I struggled with what was ailing me this week and then the light bulb went on! As the light grew brighter I realized the issue had been growing over the past few months and in many ways, driving me nuts! And what is the topic you might ask? Our new learning management system aka the LMS!
Let me give you some history on this which will provide insights and hopefully perspective on what troubles me. All the home care programs in Ontario sit under the umbrella of a provincial body; although not a governing body their program and services drive our technology systems and other events. Although we can choose how to use their products and processes at local levels they do provide structure at a higher level.

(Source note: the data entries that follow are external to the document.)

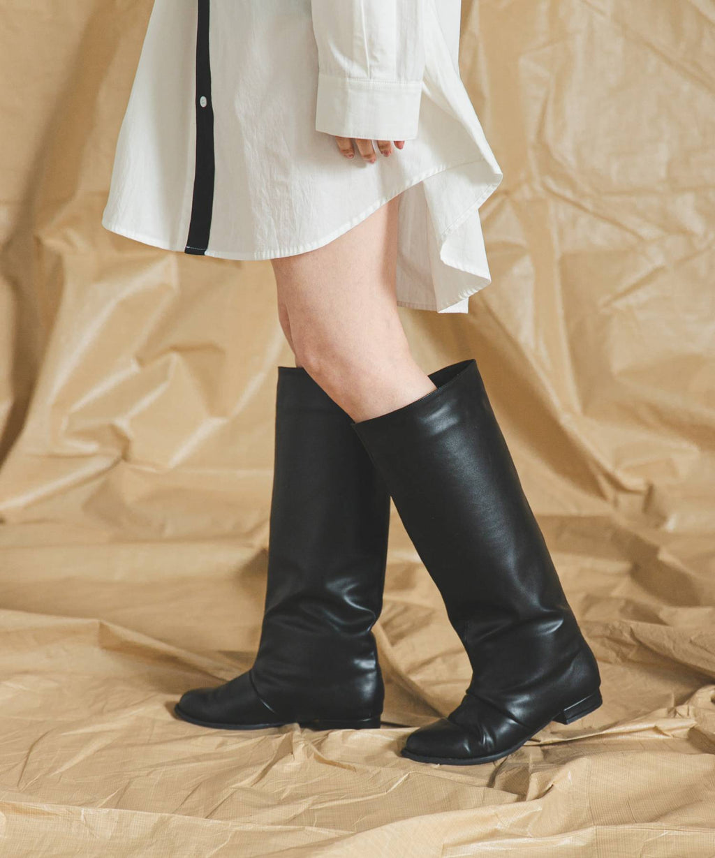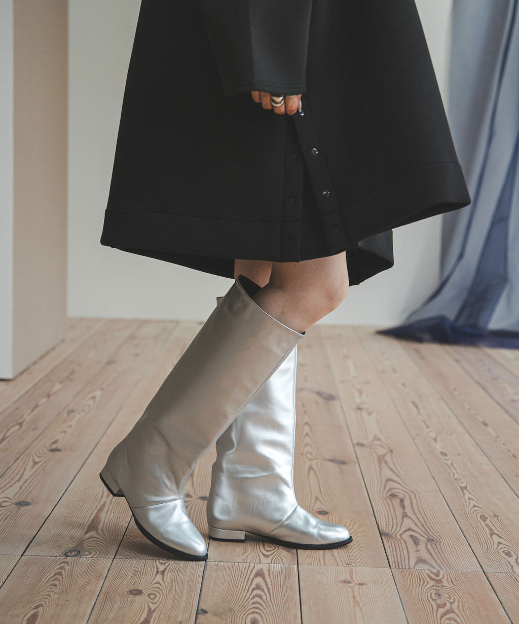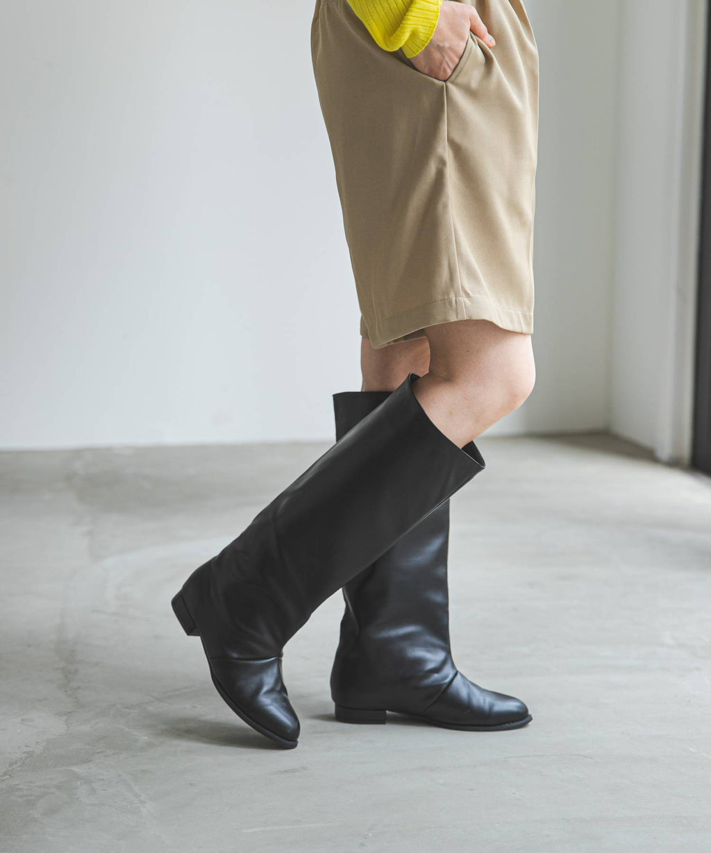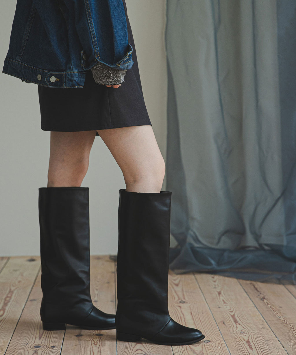 ストレートなワイドシャフトが旬の足元に導いてくれるロングブーツ。
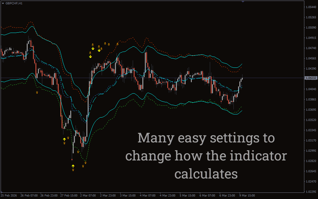 Bands Sniper creates trading signals using price interactions with the outer volatility bands. If price moves aggressively toward the upper band and momentum begins to weaken, the indicator will print a sell arrow indicating a possible downward correction. On the opposite side, if the price drops toward the lower band and begins to stabilize, a buy arrow will appear indicating a potential upward reversal.
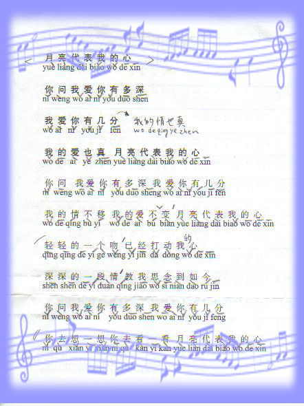 上海駐在中(1997-1999年)にはカラオケによく行った。中国の曲は比較的歌いやすかったが、中国語が殆どできないため、知り合いにピンインを書いてもらった。下の歌詞はホテルの従業員に頼んだら、親切にもタイプしてくれた。ホテルで覚えてはカラオケで歌うようにした。7−8曲の持ち歌ができ、歌だけ聴くと中国語がべらべらと勘違いされることも(?)
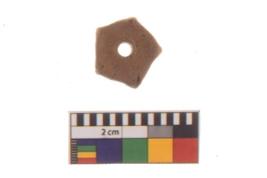 | Description / विवरण | Specimen of a Terracotta Pendant. It is made of red ware, fine fabric, well-fired. It is pentangular in shape with center perforation. |
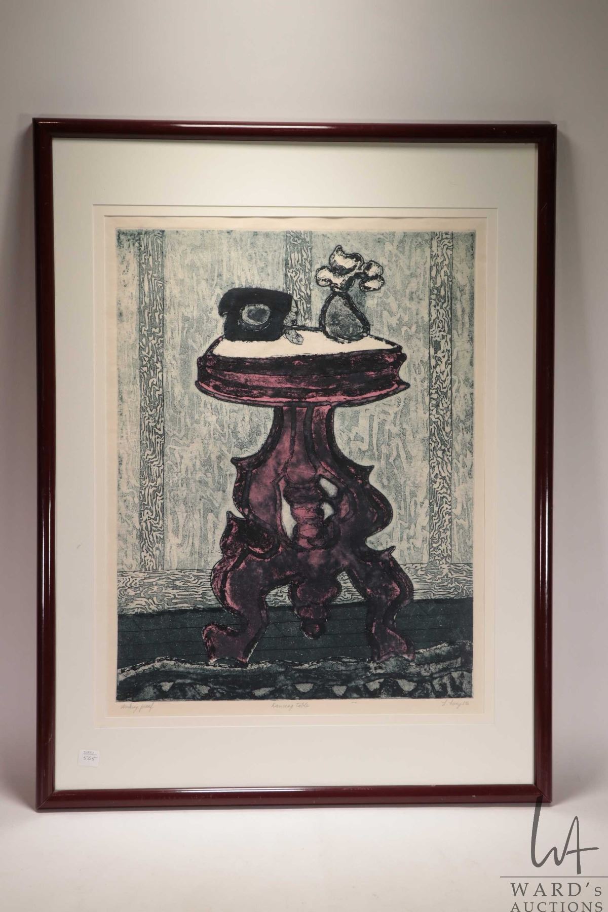 Lorna Lively framed limited edition print "Dancing Table", pencil signed by artist, Working Proof Edition, overall dimensions including frame 33 1/2" X 25 1/2"
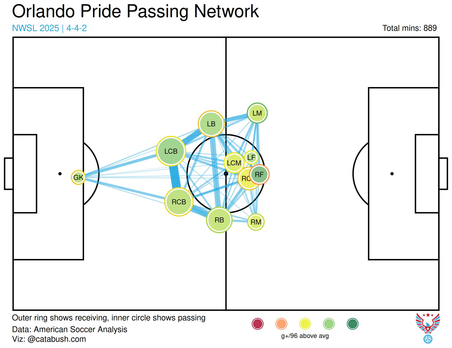 In attack, unless risks are taken that could open up the gaps Seb Hines doesn’t want to see, it’s quite vanilla. Deficient, even. Barbra Banda shouldering the combined loads of scoring and chance creation allows them to have a dynamic, sharp edge to their attack without making many structural sacrifices. Due to injury, Banda only played in 16 matches this season, but her 10.3 combine non-penalty expected goals (npxG) and expected assisted goals (xAG) was 17% of Orlando’s total. In actual goal contributions, her 9 goals (8 goals, 1 assist) were 33% of the Pride’s total goals (excluding own goals).
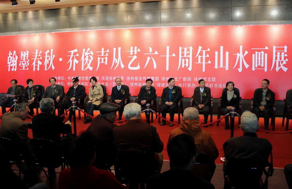 由民进徐州市委、徐州市委宣传部、徐州报业集团、徐州市文广新局、徐州市文联主办的《翰墨春秋——乔俊声从艺60周年山水画展》,于4月18日上午在徐州美术馆开展,市政协副主席、民进市委主委孙红旗,民进市委副主委王德志参加开幕式。
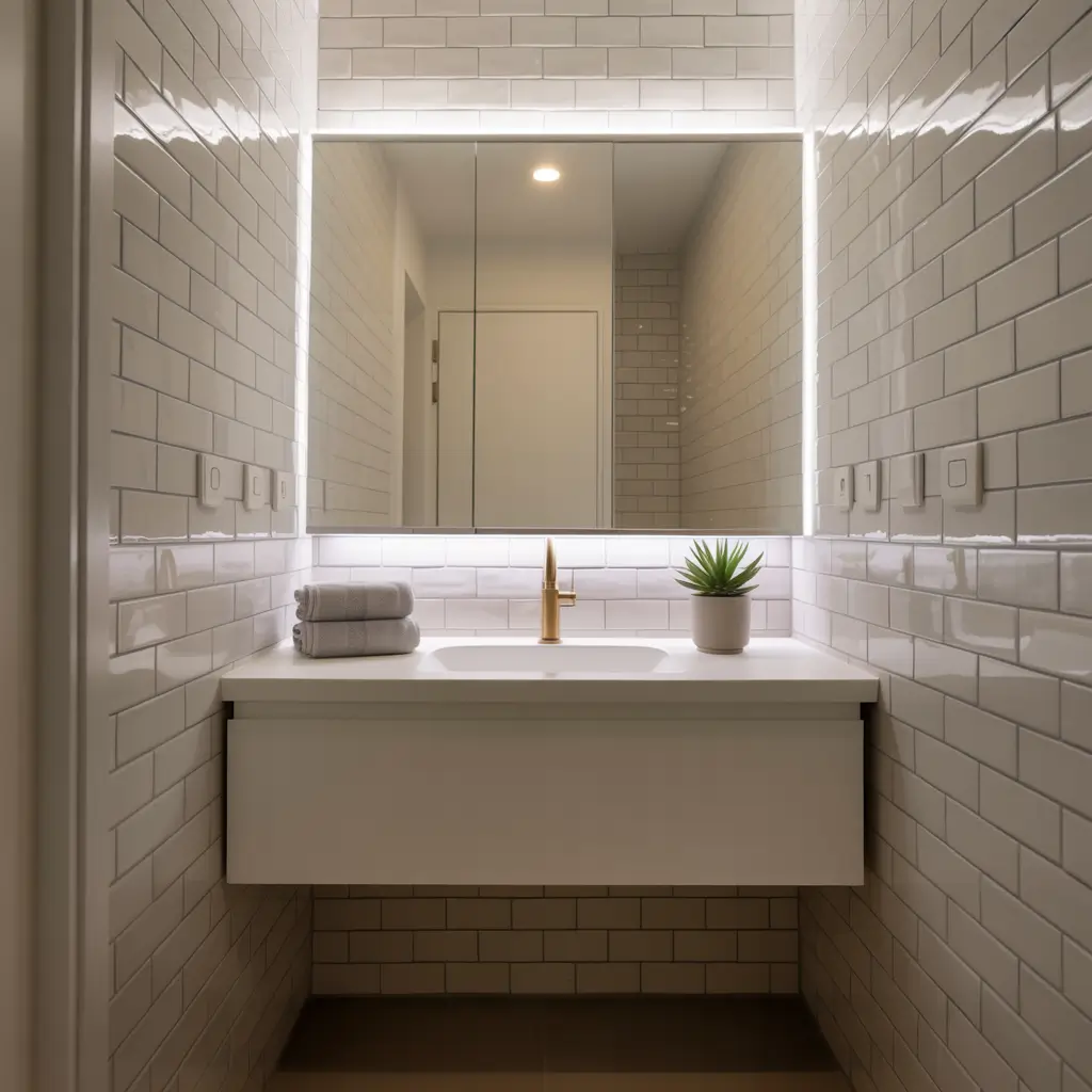 The trick is consistency. Pick one metal finish and stick with it. My brass strips tie in with the faucets, mirror frame, and light fixtures. It looks intentional rather than random.

Approximately four years ago, local organizations were provided access to a free LMS; free as it came with the vendor agreement. But imagine what a free LMS might look like? I was the administrator and truthfully had little knowledge of how to implement in an organization that had limited experiences with online learning nor did ‘I’ have any experience – told to ‘just do it’. Were we ready? Did we have the right supports & infrastructure in place? But let’s go back to my question of a free LMS first. Although benefits included access 24/7, pre existing learning courses (no we weren’t asked for input) were poorly structured, sometimes didn’t work and the reporting was nonexistent. As I learned much later from our IT department; it really wasn’t a LMS…more of a framework or shell for housing our elearning.

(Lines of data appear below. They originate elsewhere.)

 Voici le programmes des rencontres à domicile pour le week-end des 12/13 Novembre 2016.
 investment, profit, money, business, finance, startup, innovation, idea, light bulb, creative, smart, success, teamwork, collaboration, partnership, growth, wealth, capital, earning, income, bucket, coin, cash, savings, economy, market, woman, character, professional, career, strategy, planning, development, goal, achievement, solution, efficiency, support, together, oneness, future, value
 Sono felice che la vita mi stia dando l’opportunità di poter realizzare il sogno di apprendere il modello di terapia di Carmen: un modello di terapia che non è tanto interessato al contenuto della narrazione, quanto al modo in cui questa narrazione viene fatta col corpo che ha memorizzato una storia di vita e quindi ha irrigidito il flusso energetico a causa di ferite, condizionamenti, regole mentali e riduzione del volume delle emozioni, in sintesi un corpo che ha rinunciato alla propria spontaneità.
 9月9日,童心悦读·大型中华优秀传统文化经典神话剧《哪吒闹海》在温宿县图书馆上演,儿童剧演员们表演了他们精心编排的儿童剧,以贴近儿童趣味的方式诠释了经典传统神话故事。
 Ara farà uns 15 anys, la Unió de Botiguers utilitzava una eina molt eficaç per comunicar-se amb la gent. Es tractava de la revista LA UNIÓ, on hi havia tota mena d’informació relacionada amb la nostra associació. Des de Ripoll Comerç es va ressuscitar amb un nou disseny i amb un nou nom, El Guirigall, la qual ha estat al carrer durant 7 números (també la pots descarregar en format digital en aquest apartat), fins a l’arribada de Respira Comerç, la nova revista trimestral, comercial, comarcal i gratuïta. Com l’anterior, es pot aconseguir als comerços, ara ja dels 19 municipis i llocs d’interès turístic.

Jump ahead in time now; turns out all the local organizations were feeling the drive and necessity to leverage for flexibility, opportunities and all the other reasons we have noted past few weeks. Fortunately the vendor LMS had a time limit & it ran out. Enter next….an RFP process (request for proposal) & I was thrilled to be a part of the evaluation group. So what was different this time? Local levels went through a needs assessment, educators were engaged & a product was selected. But…and here comes my but…although courses are more interactive, tailored to needs and reporting exists; there have been multiple challenges implementing. Although the vendor promised wonderful things with their learning solution, issues have appeared related to multiple different sites accessing the software as well as firewall challenges from a security stand point. All in all, this has created excessive workload for those who are administrators and ongoing frustration.

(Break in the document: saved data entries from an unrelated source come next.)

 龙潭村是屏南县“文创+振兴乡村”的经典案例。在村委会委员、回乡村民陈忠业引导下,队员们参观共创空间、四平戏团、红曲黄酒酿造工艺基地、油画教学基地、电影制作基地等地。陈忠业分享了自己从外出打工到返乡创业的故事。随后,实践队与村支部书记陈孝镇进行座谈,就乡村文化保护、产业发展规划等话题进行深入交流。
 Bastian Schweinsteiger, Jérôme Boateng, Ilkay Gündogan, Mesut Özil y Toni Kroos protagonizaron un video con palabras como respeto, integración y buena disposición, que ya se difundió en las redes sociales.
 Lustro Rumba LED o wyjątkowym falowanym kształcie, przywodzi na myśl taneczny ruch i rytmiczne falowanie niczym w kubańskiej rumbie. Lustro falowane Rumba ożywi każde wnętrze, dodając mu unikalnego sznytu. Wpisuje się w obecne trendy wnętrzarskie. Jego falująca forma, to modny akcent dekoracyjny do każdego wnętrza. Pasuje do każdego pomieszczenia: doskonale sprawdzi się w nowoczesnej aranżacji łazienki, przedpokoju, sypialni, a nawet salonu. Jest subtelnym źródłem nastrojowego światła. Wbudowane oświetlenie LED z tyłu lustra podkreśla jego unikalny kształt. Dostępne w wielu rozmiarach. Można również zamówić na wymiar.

Naturally I was intrigued by Josh Klein’s talk on TedxTalks when he commented that “work is broken” and sometimes our “tools aren’t very good”. I was quickly reminded that although our new LMS is much better it does continue with bugs which create excessive unnecessary workload for learners and administrators alike. Klein further offered that organizations will often tote ‘access’ in the workplace as the number one priority however ‘price’ always sneaks back in and there is no question, our LMS was less costly than other systems. His final thoughts that we must “examine systems and continue breaking rules to make things better” certainly causes me to pause and consider; technology in the workplace can be wonderful enablers of learning however without the right infrastructures, supports and efficiencies in place, it instead becomes a hindrance and blocks the learning process. I believe as educators we must be tasked to offer stewardship of learning technology in workplaces and work closely with stakeholders to look for alternate ways to ‘break the rules’ when the technology is broken. What are the solutions available but more importantly, how to we use them to enhance our learning rather than becoming dependent on the technology itself.